→ Directions for this task
Reproduce exactly, with no pictures, each line from the opening of the material down through the line containing "Modern minimalist happy".

→ Input data
::::::::::

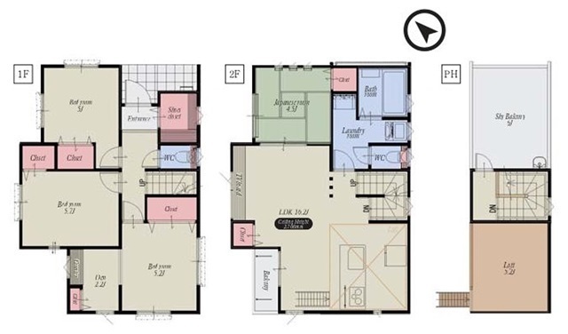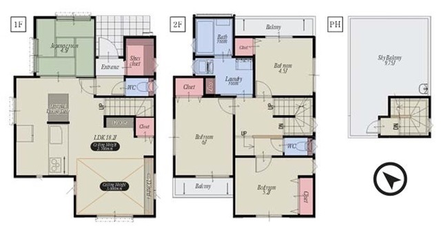 北側公園。固定階段付き小屋裏収納。土間収納、ファミリークローゼット。浴室暖房乾燥機。食洗機。ペアガラス。省エネ給湯器。駐車並列2台(車種による)可
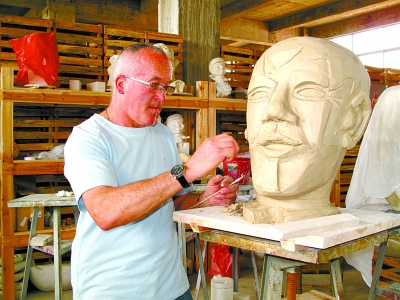 在工作營內(nèi),有一張臉笑得十分燦爛,這座瓷雕名為“笑臉”,他是3月份從上海來這里的法國雕塑家伊漢朗的“自雕像”。
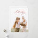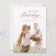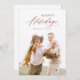 Modern minimalist happy holidays card design features elegant trendy script in red colour, with personalised family photo, simple and unique.
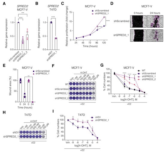 SPRED2 deficiency enhances cell proliferation, migration, and induces resistance to 4-OHT in ERα+ BC cells. (A,B) Bar graphs showing the RT-qPCR quantitation of SPRED2 mRNA levels in cells transduced with viral particles for the expression of two different shRNAs targeting SPRED2 or of a negative control shRNA in MCF7-V (shScrambled) (A) and of the empty vector in T47D (shEV) (B) cells. (C) Relative proliferation of MCF7-V cells expressing shScrambled and shSPRED2, measured with a crystal violet assay in monolayer culture. The numbers of cells for each of them are standardized to the corresponding values at 24 h set to 1. (D) Cell migration assay with MCF7-V cells with and without SPRED2 knockdown. Representative images of the scratch wound areas, outlined with magenta, at the time of the wounding (0 h) and after 24 h. Images of all four replicates (including these) are presented in Figure S2C,D. (E) Bar graphs showing the means of closure for MCF7-V cells. The extent of closure was analyzed with the software ImageJ. (F) Cell growth analyzed by crystal violet staining of MCF7-V cells with and without SPRED2 knockdown and treated with increasing doses of 4-OHT. (G) Dose–response curves of MCF7-V cells treated with increasing doses of 4-OHT. WT, parent MCF7-V cells. (H) Cell growth analyzed by crystal violet staining of T47D cells treated with increasing doses of 4-OHT. (I) Dose–response curves of T47D cells treated with increasing doses of 4-OHT; for panels (F–I), n = 3 independent experiments in triplicates. All error bars represent the standard errors of the means (mean ± SEM). Asterisks indicate significant differences compared to the samples with shScrambled (MCF7-V) or shEV (T47D) (ns for p > 0.05, * p ≤ 0.05, ** p ≤ 0.01, *** p ≤ 0.001 and **** p ≤ 0.0001). Statistical significance was determined with a one-way ANOVA (A), a two-tailed unpaired t-test (B,E), and a two-way ANOVA with Bonferroni multiple comparison test for all other panels.

::::::::::

→ Response
 北側公園。固定階段付き小屋裏収納。土間収納、ファミリークローゼット。浴室暖房乾燥機。食洗機。ペアガラス。省エネ給湯器。駐車並列2台(車種による)可
 在工作營內(nèi),有一張臉笑得十分燦爛,這座瓷雕名為“笑臉”,他是3月份從上海來這里的法國雕塑家伊漢朗的“自雕像”。
 Modern minimalist happy holidays card design features elegant trendy script in red colour, with personalised family photo, simple and unique.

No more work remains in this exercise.